Project Details
Characterization of the role of microRNAs in spatiotemporal patterning of the vertebrate spinal cord
Applicant
Estelle Renaux, Ph.D.
Subject Area
Developmental Neurobiology
Term
since 2025
Project identifier
Deutsche Forschungsgemeinschaft (DFG) - Project number 573237392
How the immense diversity of neuronal cell types is specified and reproducibly generated during embryonic development remains a fundamental question of developmental biology. In the developing spinal cord, spatially defined cardinal classes of neurons are partitioned into molecularly and functionally distinct subtypes by a shared temporal patterning program. Early-born neurons express Onecut-family TFs, intermediate neurons Pou2f2 and Zfhx2-4, and late-born neurons Nfia/b/x and Neurod2/6. How this temporal patterning program is regulated is largely unclear. MicroRNAs are an important class of small non-coding RNAs that bind mRNAs in sequence-specific manner and thereby inhibit their translation and promote their degradation. My preliminary data show that deletion of Dgcr8, which disrupts microRNA biogenesis, results in the complete loss of late temporal identity neurons, while causing a concomitant increase in early and intermediate identity neurons. microRNAs thus appear to play a critical role in temporal patterning of the developing spinal cord. To test this hypothesis, I first aim to comprehensively characterize the transcriptional changes in neuron and progenitor cell populations throughout the spinal cord in the Dgcr8 mutants by single cell RNA sequencing.
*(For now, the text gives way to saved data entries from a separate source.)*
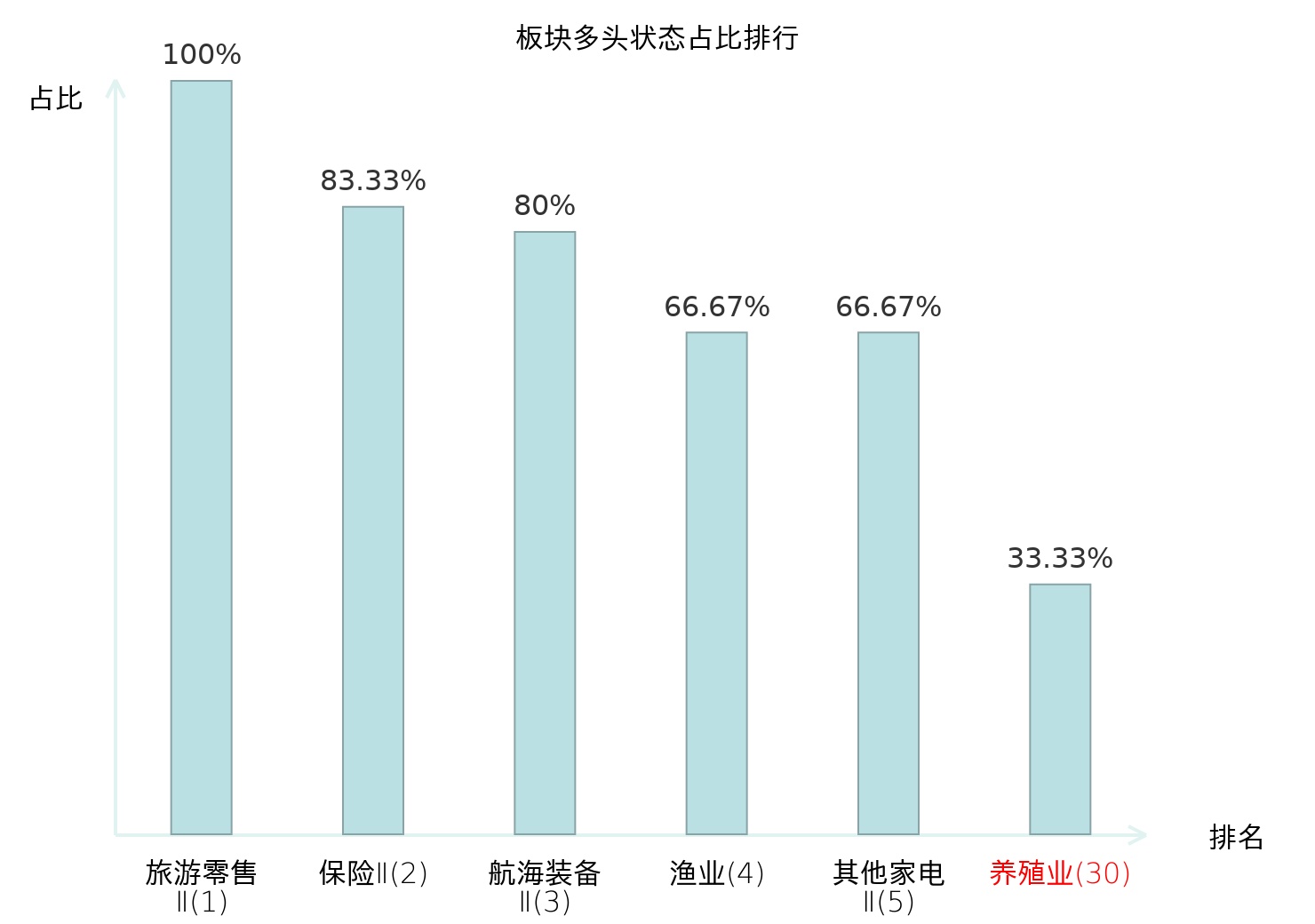 全市场所有行业板块中主力多头状态占比排名中,旅游零售Ⅱ板块位居第一。证券Ⅱ板块名次提升最快,较昨日上升106位。
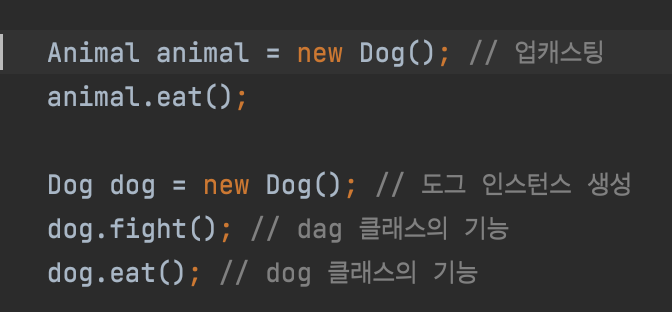 위의 코드를 보시면 부모 클래스의 Animal에 있는 eat() 메서드들을 오버라이딩해 사용하고 있는 것을 볼 수 있습니다.
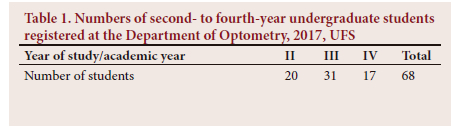 Sample selection was applied for the questionnaire survey and focus group interviews. For the questionnaire survey, the study population included all students enrolled in their second, third and fourth year (Table 1) in the undergraduate optometry programme during 2017 (N=68).
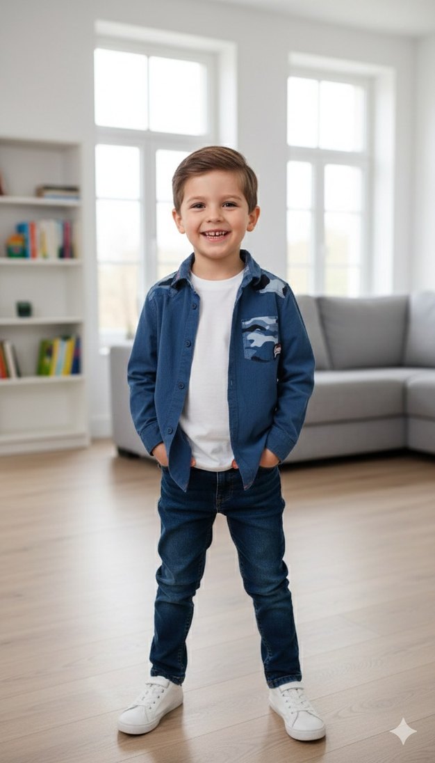LC Waikiki Erkek Çocuk Mavi Kamuflaj Denim Gömlek
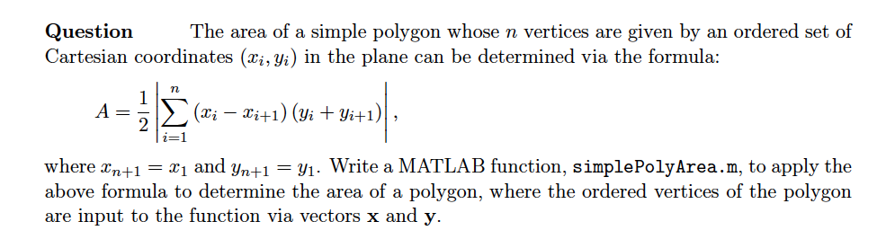 Question The area of a simple polygon whose n vertices are given b...
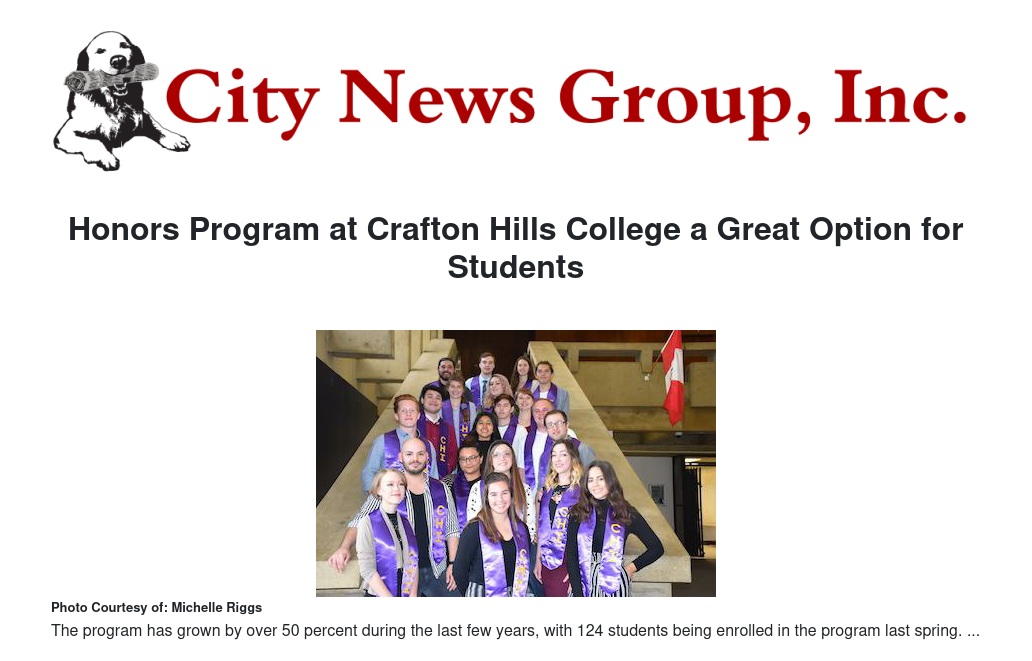 Honors Program at Crafton Hills College a Great Option for Students by Michelle Riggs - City News Group, Inc.

Candidate microRNAs that may underlie such transcriptional changes, including miR-9 and let-7, which I have already identified as potential candidates involved in temporal patterning, will then be further analyzed using in ovo electroporation and a stem cell-based in vitro differentiation model. My preliminary analysis moreover suggests that miR-9 controls temporal patterning in a level-dependent manner – a hypothesis I aim to test by assessing the phenotypic consequences of targeted deletion of miR-9 from an increasing number of its host genes. Collectively, the anticipated results of this study will provide detailed insights into the role of microRNAs in neuronal subtype specification in the developing spinal cord. Such detailed understanding may pave the way for the rational design of differentiation and reprogramming protocols aimed at generating specific neuronal subtypes for disease modeling and regenerative medicine applications.